本書であげられる英語における三つの重要な性質のうちの二つ目である
「英語は『具体的』な言語である。」
について以下、事例をもとに詳しく見ていきたいと思います。
【実験】以下の日本語を英語に訳しなさい。
この春、息子は社会人になった。
「日本語では『社会に出る』とか『社会人になる』という言い方をします。私たちは『社会』というとすぐにsocietyという英語が浮かびます。そこで『go out into society』としがちですがやはりここは、『学校を出て働き始めること』だと具体的に言ったほうがよいので、『My son started working this April.』とします。日本語の『社会』というのは大変便利に使われる言葉で『何とか社会』といった新しい言葉ができやすいのですがそのまま訳しても英語では通用しないことがあります。かつて『情報化社会』を『information society』と訳してみたものの、相手がいつも怪訝な顔をするので困ったことがあります。これは『information-oriented society』と訳すのだと後に高名な先生に教えていただきました。『information』と『society』は両方とも抽象的な言葉なのでそれがどうつながるか説明がなければ理解できないのです。」
日本語で「社会人になる」という文を作っても聞いても何の違和感も感じられないけれど、それを「英語に訳す」というハードルを与えられて初めて、「うっ」とその違和感時気づくことになります。

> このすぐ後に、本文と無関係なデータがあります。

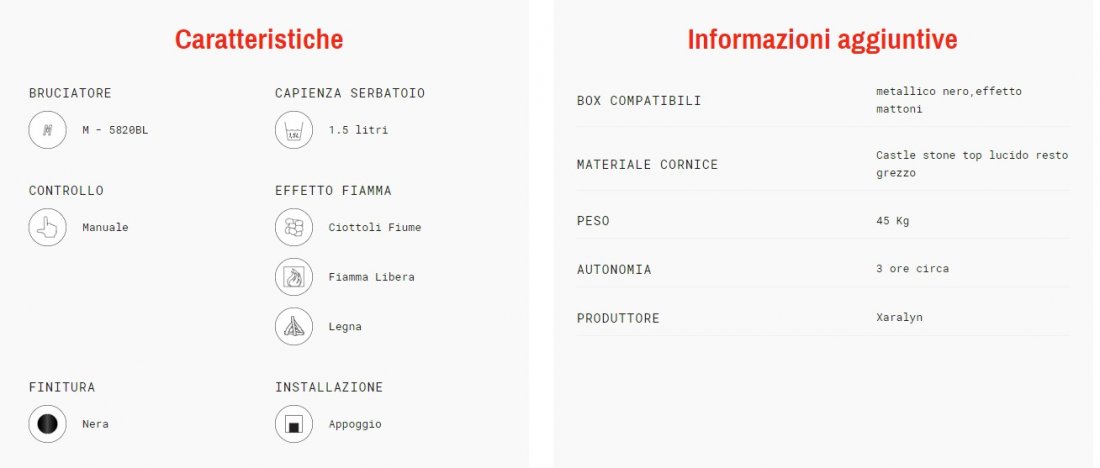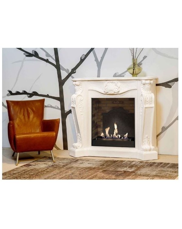 *Versione completa (CAMINETTO BIO LOUIS SUITE COMPOSTO DA CORNICE LOUIS CASTEL STONE BIANCO OPPURE NERO, BOX EFFETTO MATTONI, BRUCIATORE 5820B COMPLETO DI VETRINI,ACCENDINO ED IMBUTO)

この時はじめて「社会人になる」という抽象的なイメージから「働く」という具体的なイメージを引き出す必要性に迫られる、すなわち「具体的に考える」になるのだと思います。
また、日本語は「情報」と「社会」というある程度抽象的な言葉も、「情報社会」というそれらをあわせた高度に抽象的な言葉もどちらも抽象的なまま受け入れることができる「抽象的」な言語である一方、英語では「information」や「society」程度の抽象度レベルでは受け入れ可能であっても、二つを合わせた高度に抽象的なレベルではもはや完全に受け入れ不可能な「具体性」を優先する言語であるという説明も非常に興味深いものでした。
ということは、もしかすると私たちは日本語を話している時、「具体的に考える」ことを放棄しているということなのかもしません。